Status: draft for discussion

1. Goal

This document describes how a platform user prepares a merchant for deposit processing in Back Office.

The goal is to make the setup flow understandable, repeatable, and safe.

2. Main Flow

  1. Platform user creates merchant.
  2. Platform user creates one or more brands under the merchant.
  3. Platform user grants provider access to the merchant when the business allows it.
  4. Platform user creates or confirms merchant users and roles.
  5. Platform user creates payment method inside a brand.
  6. Platform user configures first-level routing for the payment method.
  7. Platform user creates or selects MASTER MID GROUP.
  8. Platform user creates MASTER MID inside the payment method context.
  9. Platform user configures processing fee on MASTER MID when needed.
  10. Platform user configures second-level routing inside MASTER MID.
  11. Platform user creates SUB MID GROUP.
  12. Platform user connects SUB MID or SUB MID AGGREGATOR.
  13. Platform user configures velocity limits and conversion fee where needed.
  14. Platform user publishes routing configuration.
  15. Platform or merchant user creates a test deposit through Back Office.
  16. Team verifies Hosted Payment Page, routing, provider execution, callback, webhook, and timeline.
  17. Merchant starts sending production traffic for the selected payment method.

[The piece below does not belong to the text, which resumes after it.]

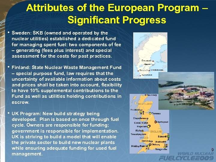 Canadian Program Funding (contd. ) • Should there be new reactors and/or new used fuel owners, it would necessitate review and potential revision to funding formula – Formula would reflect sharing of costs and investments already made by current waste owners, amongst other considerations – Future revisions to funding formula will be done in fair and equitable manner, balancing interests of current and new waste owners • Difficult for new potential plant owners to assess their potential obligation • Not structured to easily accommodate private sector 8

3. What Must Be Easy in Back Office

Back Office should make it easy to:

  • see what is missing before a merchant can go live;
  • understand which brand owns each payment method;
  • see whether routing has a published version;
  • distinguish active configuration from draft configuration;
  • see whether provider details are hidden or visible;
  • open audit history for important entities;
  • create a test deposit without using external tools.

4. Required Readiness Signals

Before a payment method can accept production traffic, the product should clearly show:

  • merchant is active;
  • brand is active;
  • payment method is active;
  • routing has published version;
  • required MASTER MID GROUP exists;
  • MASTER MID exists;
  • second-level routing exists;
  • at least one execution option is available;
  • required secrets are configured;
  • webhook URL is provided at transaction creation;
  • provider-sensitive data is hidden from merchant users without access.

5. What Should Not Happen

The product should prevent:

  • creating production traffic for inactive merchant, brand, or payment method;
  • publishing routing with no valid target;
  • exposing provider details to merchant users without provider access;
  • showing saved secret values;
  • allowing two users to edit the same draft at the same time;
  • losing previous configuration versions.

6. MVP Success for This Flow

The flow is successful when a platform user can prepare the first merchant and payment method for production without developer assistance.